What is needed: Your output consists solely of the lines from the one that contains "IO-Link®技術は、従来" to the end of the material, each reproduced exactly; pictures do not belong in it.

Task data:
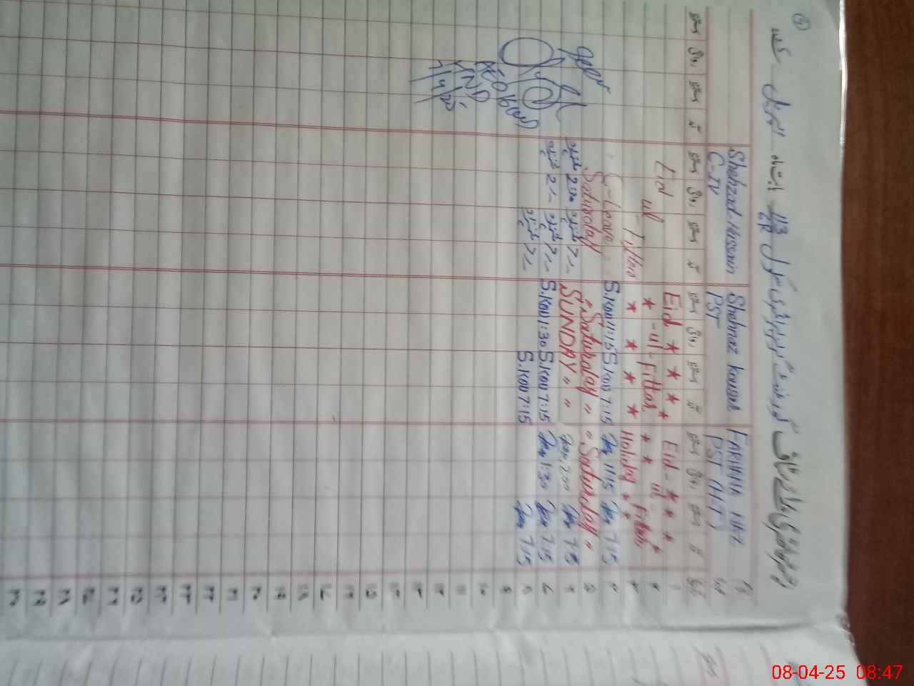 | CNIC | Full Name | Designation | R/C | Absence During Last Calender Month |
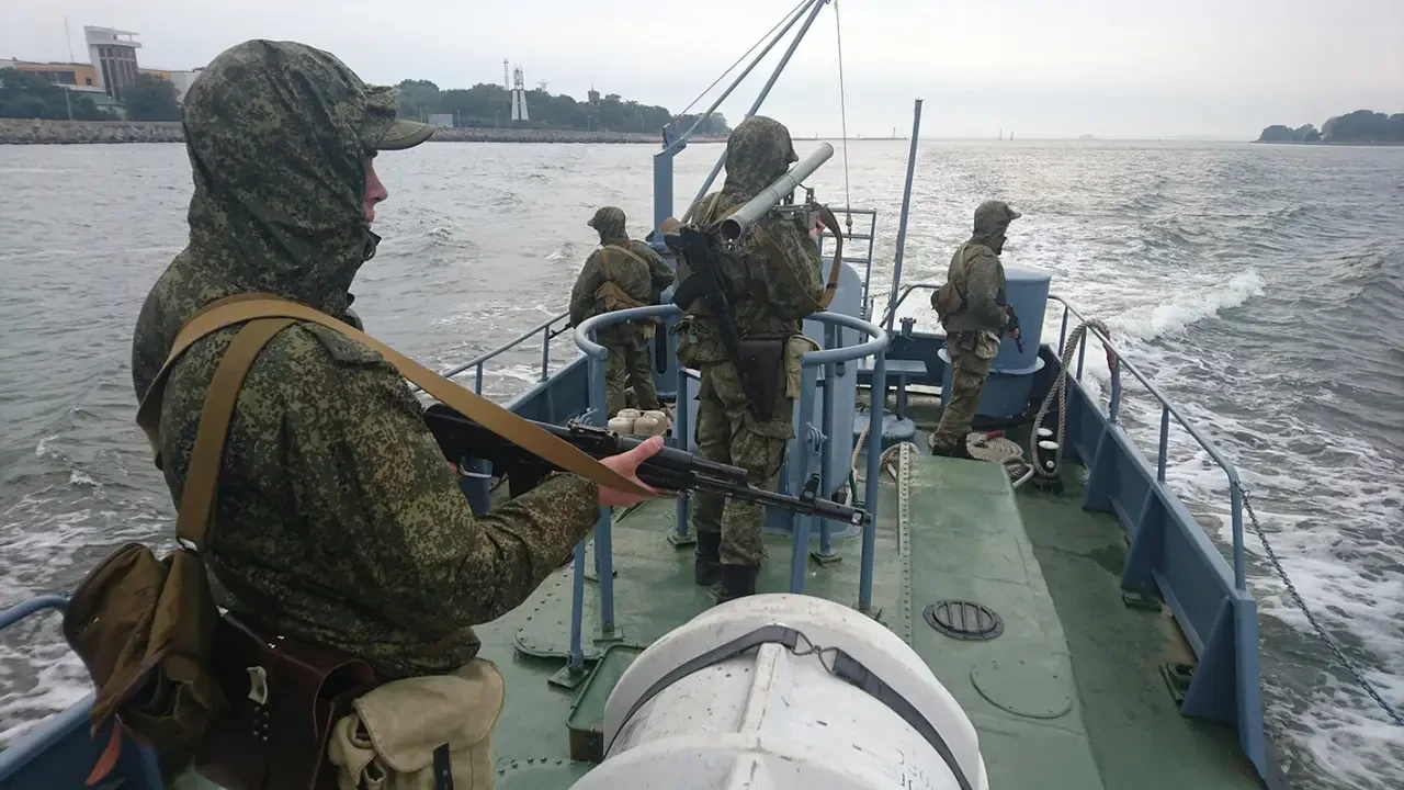 Военнослужащие отряда по борьбе с ПДСС Балтийского флота на патрулировании
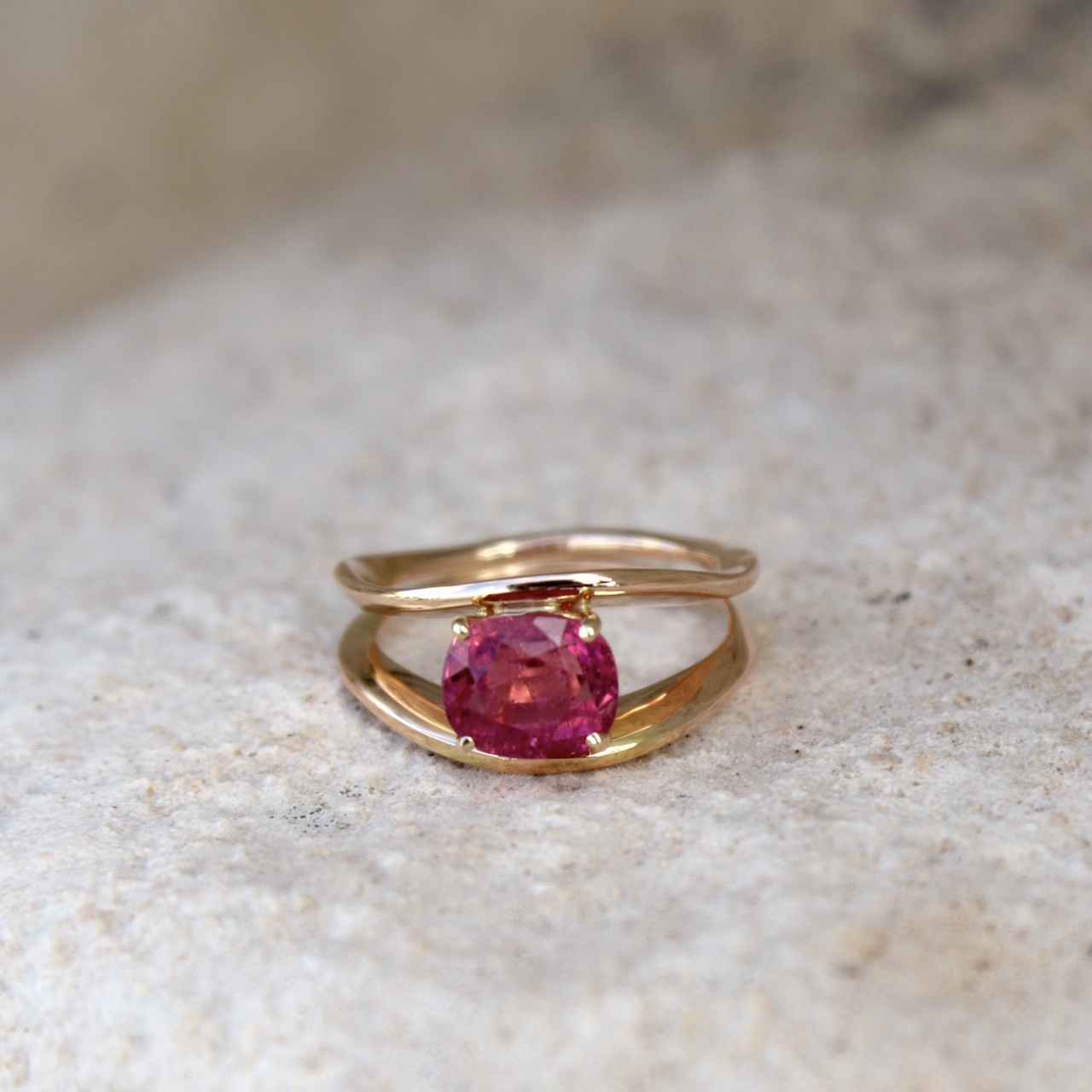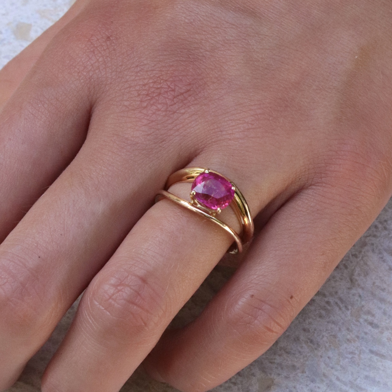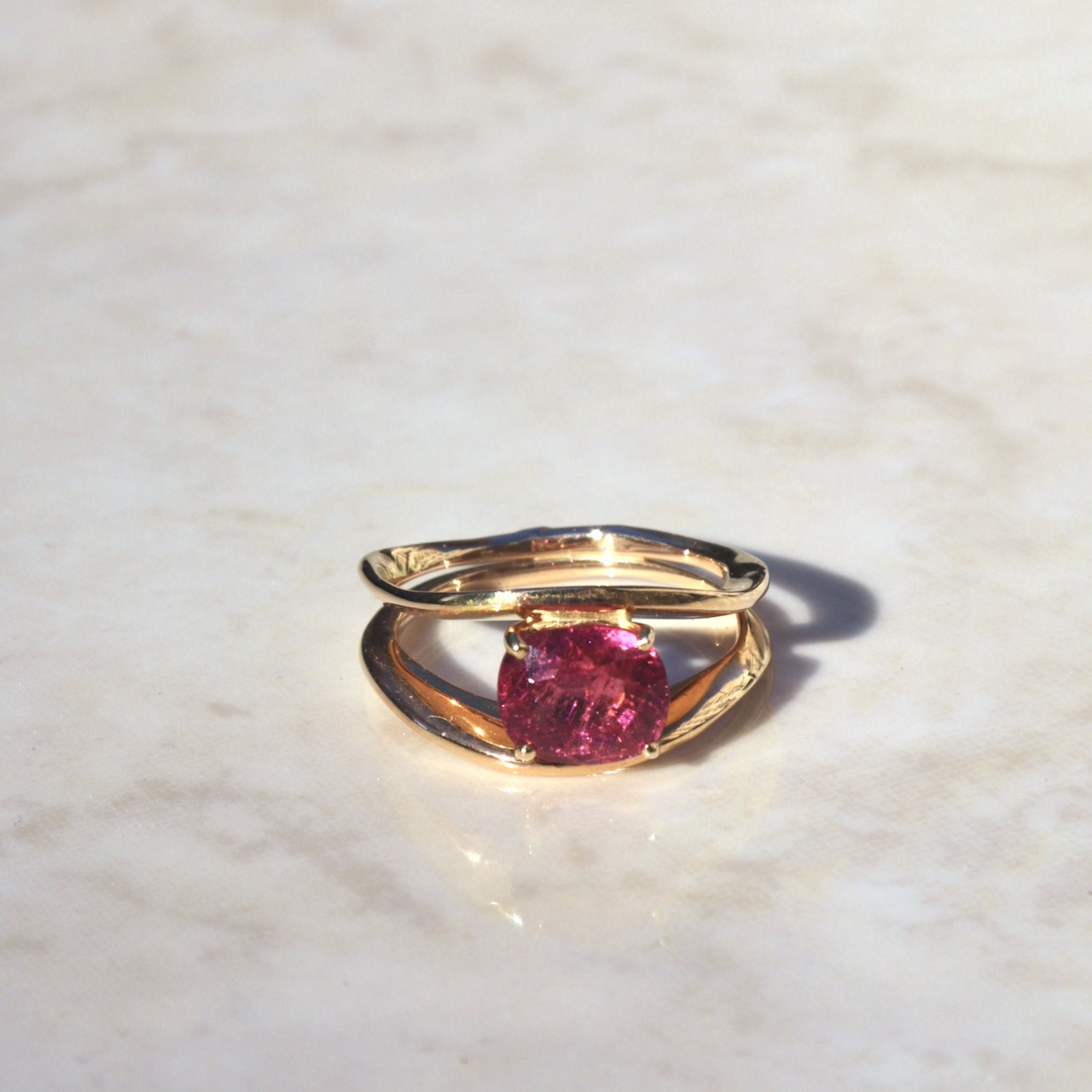 Une pierre d’un rose subtil et joyeux sertie dans un châton retenu par deux souffles d’or.
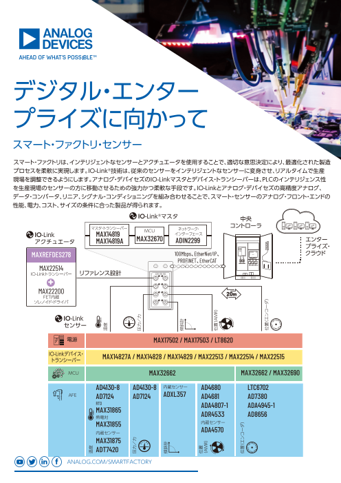 IO-Link®技術は、従来のセンサーをインテリジェントなセンサーに変身させ、リアルタイムで生産現場を調整できるようにします。アナログ・デバイセズのIO-Linkマスタとデバイス・トランシーバーは、PLCのインテリジェンス性を生産現場のセンサーの方に移動...
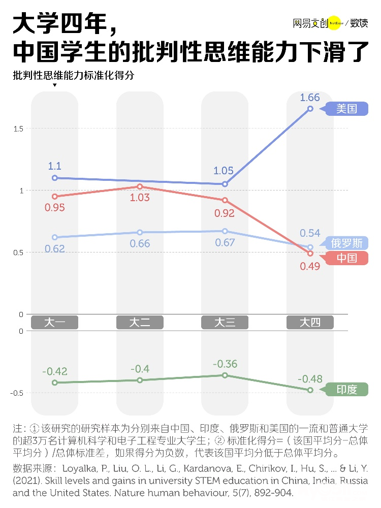 这项研究抽样统计了美国、俄罗斯、印度、中国四国超过 3 万名计算机科学和电子工程专业学生,测量他们的批判性思维、数学和物理能力。结果显示,经过大学四年,中国大学生的三项能力通通下滑了。
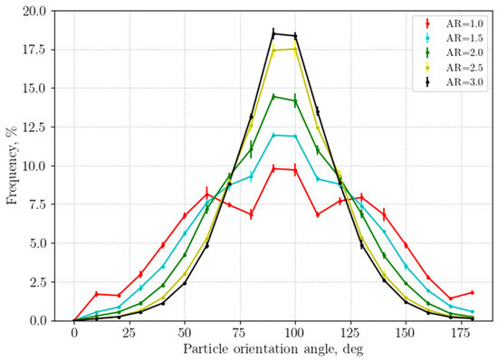 Figure 15. Distribution of orientation angles for cylindrical particles with various ARs.
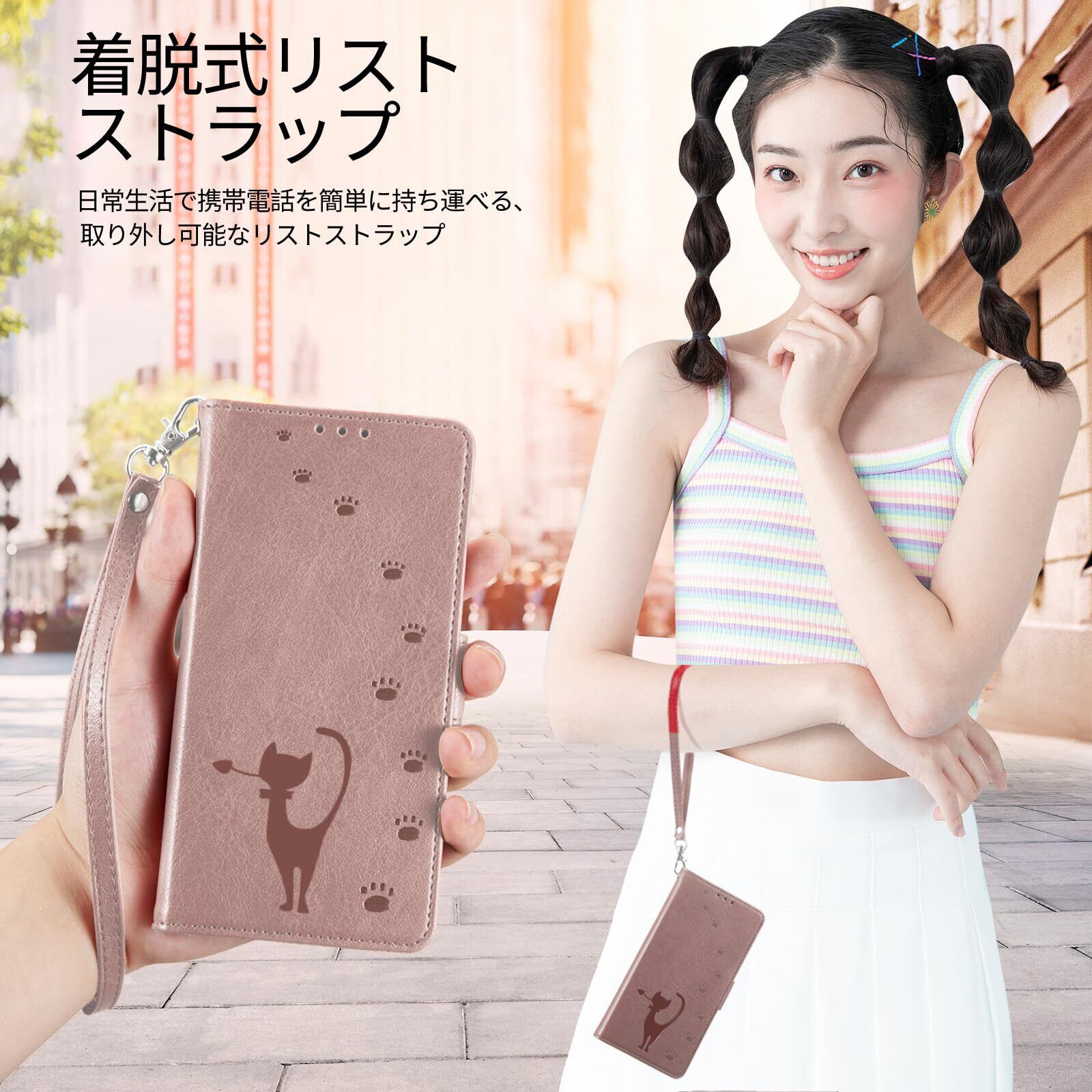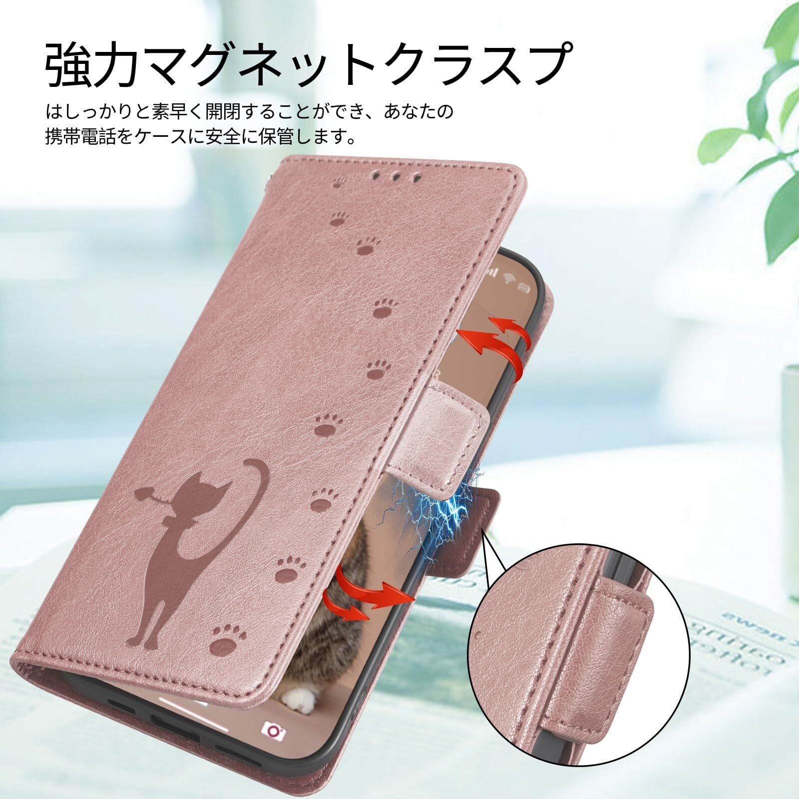 【便利なデザイン】このケースはマグネット開閉式で、携帯電話や持ち物をしっかりと保護し、ハンドストラップは毎日の持ち運びに最適なデザインです。

Answer for this exercise:
 IO-Link®技術は、従来のセンサーをインテリジェントなセンサーに変身させ、リアルタイムで生産現場を調整できるようにします。アナログ・デバイセズのIO-Linkマスタとデバイス・トランシーバーは、PLCのインテリジェンス性を生産現場のセンサーの方に移動...
 这项研究抽样统计了美国、俄罗斯、印度、中国四国超过 3 万名计算机科学和电子工程专业学生,测量他们的批判性思维、数学和物理能力。结果显示,经过大学四年,中国大学生的三项能力通通下滑了。
 Figure 15. Distribution of orientation angles for cylindrical particles with various ARs.
 【便利なデザイン】このケースはマグネット開閉式で、携帯電話や持ち物をしっかりと保護し、ハンドストラップは毎日の持ち運びに最適なデザインです。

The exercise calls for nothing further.